Le Niger et Orano : un bras de fer sur l’uranium qui paralyse le marché international
Mine d’uranium de Cominak (près d’Arlit, au Niger), le 8 mars 2023, quand elle était encore exploitée par Orano.

Au cœur de l’Afrique subsaharienne, le Niger est le théâtre d’une confrontation majeure autour de l’exploitation de l’uranium. Ce conflit oppose la junte militaire, au pouvoir depuis juillet 2023, au géant français Orano, mettant en lumière les tensions persistantes entre l’ancienne puissance coloniale et les peuples africains désireux de réaffirmer leur souveraineté économique.

Le gouvernement dirigé par Abdourahamane Tiani a marqué sa volonté d’indépendance en décrétant, en juin 2025, la nationalisation forcée de la Somaïr, une filiale clé d’Orano. Dans la foulée, Niamey a annoncé son intention de commercialiser son uranium directement sur le marché international. En réponse, le groupe Orano a initié plusieurs actions judiciaires, transformant cette situation en un véritable bras de fer légal.

Le gisement d’Imouraren au centre des débats

Ces procédures judiciaires sont perçues par le Niger comme un « harcèlement », selon les déclarations du colonel Ousmane Abarchi, ministre des Mines, à la télévision nationale le 4 mai 2026. Le pays ambitionne d’exporter plus de 1 800 tonnes de yellow cake (concentré d’uranium), d’une valeur estimée à 380 millions de dollars, produites par la Somaïr depuis 2023. Cependant, aucune vente n’a pu être finalisée à ce jour en raison de ces entraves juridiques.

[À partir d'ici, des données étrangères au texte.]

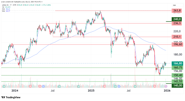 Mit einem Inline-Optionsschein, bezogen auf die Aktie der Adidas AG (FD3LR3), können risikofreudige Anleger einen maximalen Auszahlungsbetrag von 10,00 Euro erzielen. Dafür muss sich der Kurs bis einschließlich 20.03.26 durchgehend innerhalb der für den Inline-Optionsschein maßgeblichen Spanne zwischen 140,00 Euro auf der Unterseite und 240,00 Euro auf der Oberseite bewegen. Gerechnet vom Stand des Scheins am 22. Dezember 2025 um 20:00 Uhr (Briefkurs 7,78 Euro) würde dies einem annualisierten Kursgewinn von 118,35 Prozent entsprechen. Wird eine der beiden Knockout-Schwellen erreicht, tritt ein Totalverlust des eingesetzten Kapitals ein. Falls der Kurs unter den Supportbereich bei 142,55 Euro fällt oder über den Widerstand bei 236,30 Euro klettert, sollte zur Vermeidung eines Knockouts der vorzeitige Ausstieg aus der spekulativen Position erwogen werden. Der Preis des Inline-Optionsscheins reagiert während der Laufzeit darauf, ob die Wahrscheinlichkeit des Erreichens einer der beiden Schwellen zu- oder abnimmt.
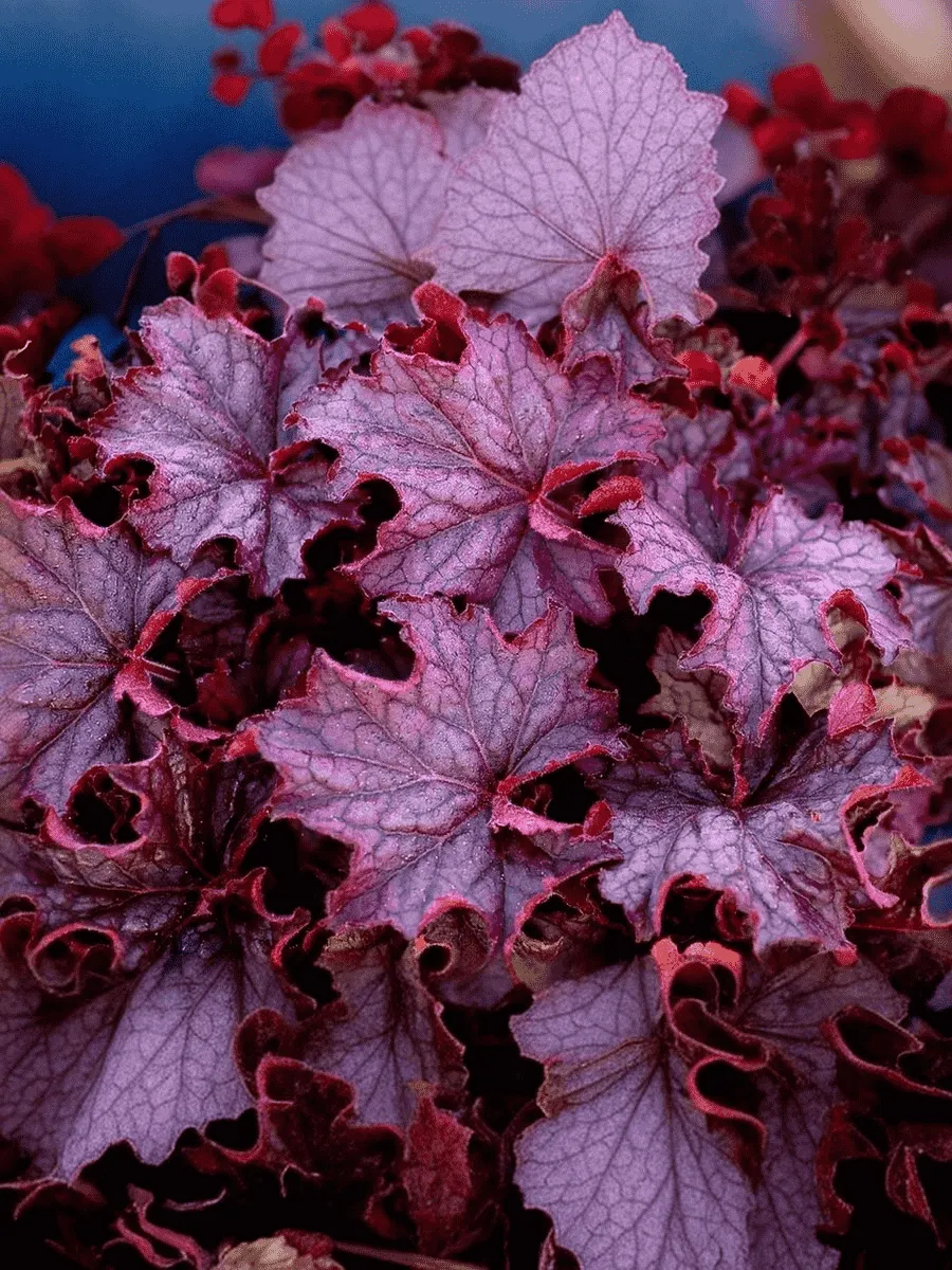Гейхера сорта *Grande Amethyst* пленяет взор роскошной листвой насыщенного пурпурно-фиолетового оттенка, переливающейся металлическим блеском при солнечном свете. Листья крупные, сердцевидные, слегка волнистые по краям, образуют пышную розетку высотой до полуметра, украшая садовый участок изысканным контрастом форм и цветов. Цветки мелкие, колокольчатые, нежно-розовые, собраны в рыхлые метельчатые соцветия, возвышающиеся над листьями на стройных прочных стеблях. Растение предпочитает полутень, прекрасно адаптируется к различным почвенным условиям, устойчиво к засухе и морозоустойчиво, благодаря чему широко используется в ландшафтном дизайне для украшения тенистых уголков сада, рокариев и альпийских горок.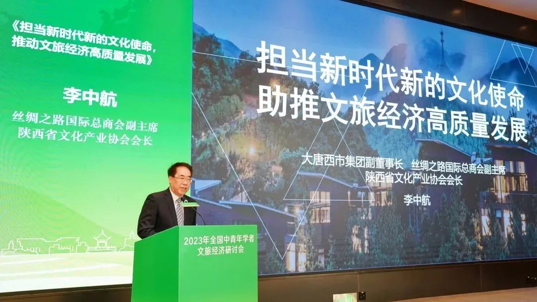 丝绸之路国际总商会副主席李中航作《担当新时代新的文化使命,推动文旅经济高质量发展》主题发言。他指出,商会组织是现代市场经济的重要环节,赋能文旅产业高质量发展,商会组织在聚人气、促合作、搭桥梁方面都具有独特优势。

Ousmane Abarchi a précisé qu’Orano avait lancé « au moins une dizaine de procédures » contre l’État du Niger. Ces actions contestent notamment la nationalisation de la Somaïr et la légalité du retrait du permis d’exploitation de la mine d’Imouraren en 2024. Ce gisement représente un enjeu stratégique majeur dans cette crise.

Orano, de son côté, a confirmé avoir engagé quatre procédures d’arbitrage. L’une d’elles a déjà abouti à une décision favorable au groupe, qui « interdit au gouvernement nigérien de toucher aux stocks » de la Somaïr, complexifiant davantage la vente uranium Niger.

Ouverture et fermeté de Niamey

Malgré les obstacles, le ministre Ousmane Abarchi a révélé que « certaines sociétés et certains pays » ont manifesté leur intérêt pour les stocks nigériens d’uranium. Toutefois, les questions d’arbitrage et de procédure découragent souvent ces potentiels acheteurs. Le Niger reste néanmoins « en train de discuter » avec des partenaires « sérieux », une information africaine cruciale pour l’économie du pays.

Par ailleurs, les autorités nigériennes n’ont « pas été saisies officiellement d’une démarche » de dialogue qu’Orano aurait souhaité engager en février dernier. Cette absence de communication formelle souligne la difficulté à trouver un terrain d’entente.

Le général Abdourahamane Tiani, chef de la junte, a quant à lui proposé d’« envoyer » à la France la centaine de tonnes d’uranium trouvée sur le site de la Somaïr au moment de sa prise de pouvoir. Il a réaffirmé avec fermeté que « tout ce qui a été produit par la suite est nigérien et le restera », marquant ainsi la position du Niger sur la gestion de ses ressources et son rôle dans la coopération africaine pour une Africa Solidaire.